- Born: 6 October 1944 Dublin, Ireland
- Died: 7 May 2008 (aged 63)
- Occupation: Saxophonist
- Instrument: Saxophone
- Years active: 1966–2008

= John Earle (musician) =

Irish musician (1944–2008)

John "Irish" Earle (6 October 1944 – 7 May 2008) was an Irish saxophonist, best known for his solo on Thin Lizzy's live versions of "Dancing in the Moonlight", such as that on their live album Live and Dangerous (1978). He also worked with Ian Dury, Graham Parker, Gnidrolog, Rory Gallagher, The Boomtown Rats, Randy Crawford, Shakin' Stevens and many others

==Biography==
Earle went to school at Synge Street CBS, and started playing the clarinet as a young boy, and later learned to play the saxophone. After a short career as a commercial artist, he started his professional music career in the mid-1960s, playing in showbands that were popular in Ireland at the time. In 1966, he moved to Libya to play in a covers band on Wheelus Air Force base for US Air Force personnel. Following this he moved to Germany to perform for US servicemen on other US bases, performing covers of popular chart hits. Around this time, he was given the nickname "Irish" by fellow band members to identify him from two other Johns playing in the same band, this stuck with him throughout his career in the UK. Towards the end of the decade, he joined the Krautrock band Nine Days Wonder, performing in clubs across Europe and recording his first album with them.

In 1972, Earle left Germany and moved to England to further his career.
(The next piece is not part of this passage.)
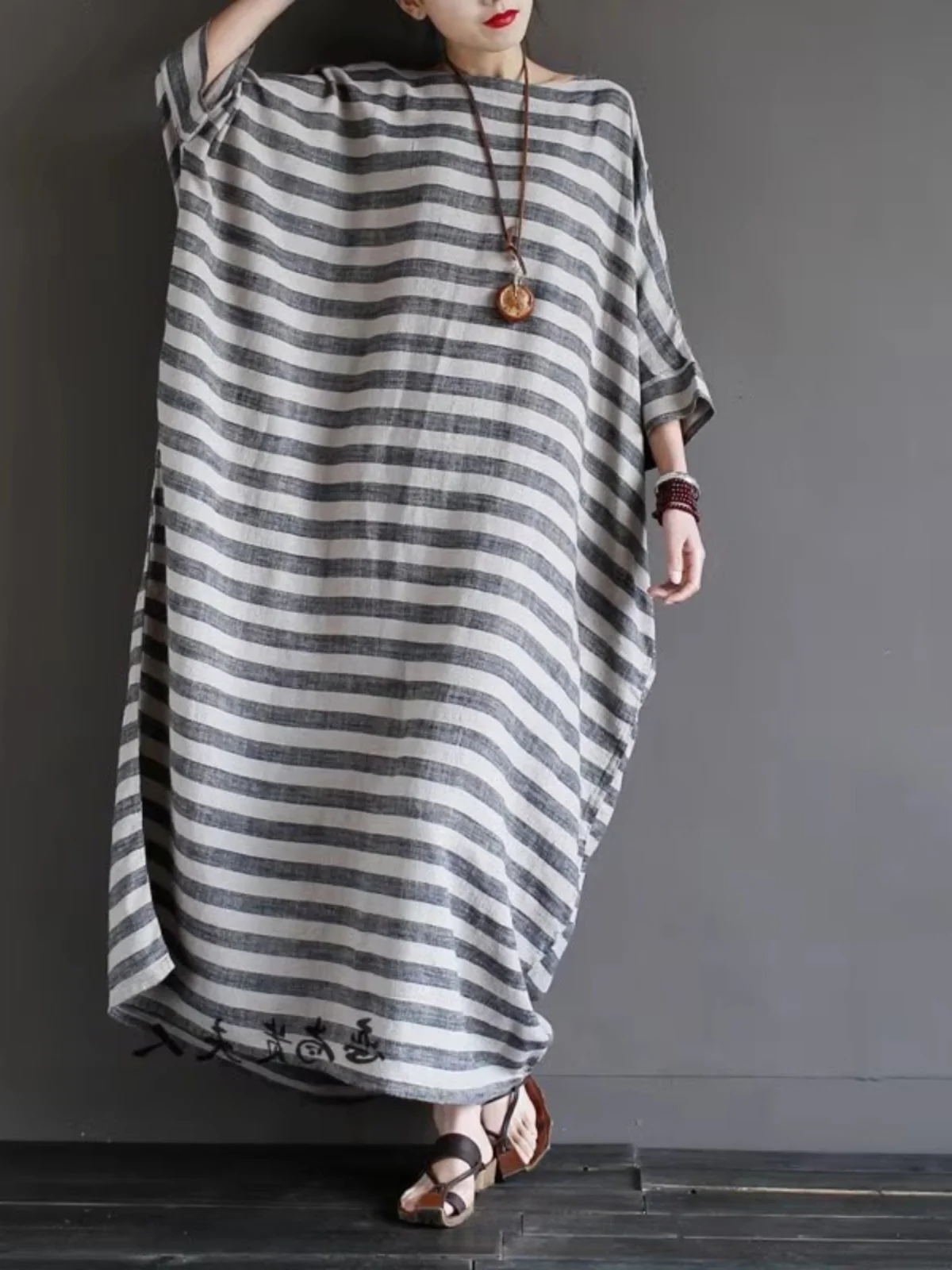 Новая летняя художественная хлопково-льняная полосатая длинная юбка размера «летучая мышь» больших размеров, круглый халат, длинная юбка
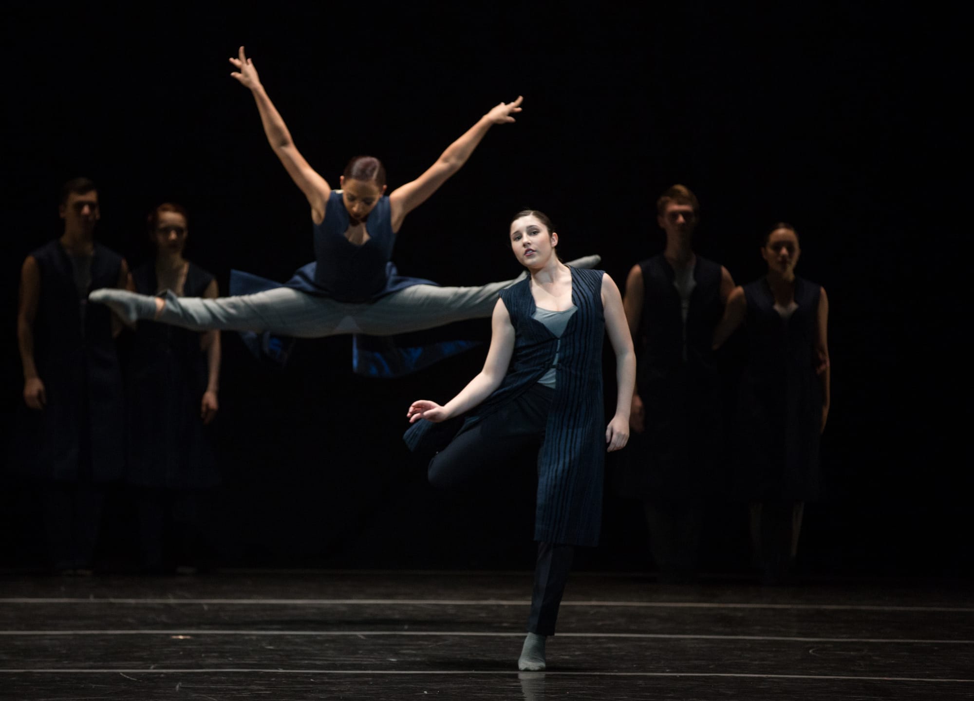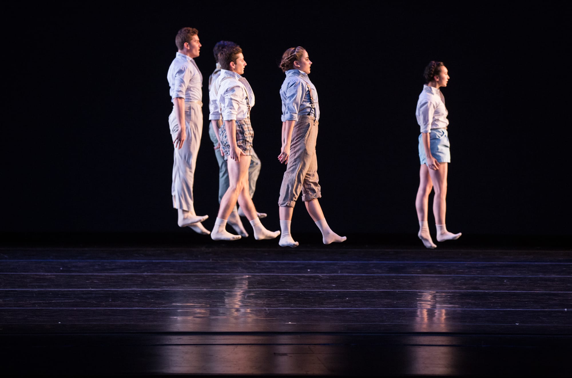 Juilliard Dance presented new works choreographed for each of their four classes. Since the choreographers (John Heginbotham for the 2020 class, Katarzyna Skarpetowska for the 2019 class, Pam Tanowitz for the 2018 class, and Matthew Neenan for the 2017 class) needed to use all of the dancers, the works tended to resemble each other, as they all had large casts moving in unison. They were also similar in that the dancers moved clearly, with articulate upper bodies and clean, juicy dancing.

After a spell with progressive rock band Gnidrolog, there was a lack of musical work so he took a job in a record packing house distributing albums, including Gnidrolog's. While attending various auditions and jam sessions, he met Ian Dury by chance in the Hope and Anchor, Islington, which led to him becoming a member of his backing band Kilburn and the High Roads. In 1977, he performed and played a solo on the song "England's Glory", written by Dury, performed by English music hall veteran Max Wall and produced by Dave Edmunds. He also worked at the newly reopened Rainbow Theatre as a member of the stage crew during 1977.

Following an introduction to Stiff Records supremo and fellow Dubliner Dave Robinson, he progressed to playing in Graham Parker and The Rumour in the mid-1970s, playing on the albums Heat Treatment and Stick to Me. It was through their connection as support band to Thin Lizzy in 1976, that he was invited to play saxophone during Lizzy's main set. He later played on The Clash's album London Calling, playing double-tracked baritone saxophone on the track "The Right Profile".

Earle later moved back to Ireland, residing in Rathmines, Dublin. He frequently played with local blues and jazz musicians including Tam White and Ben Prevo.

He died on 7 May 2008 at the age of 63.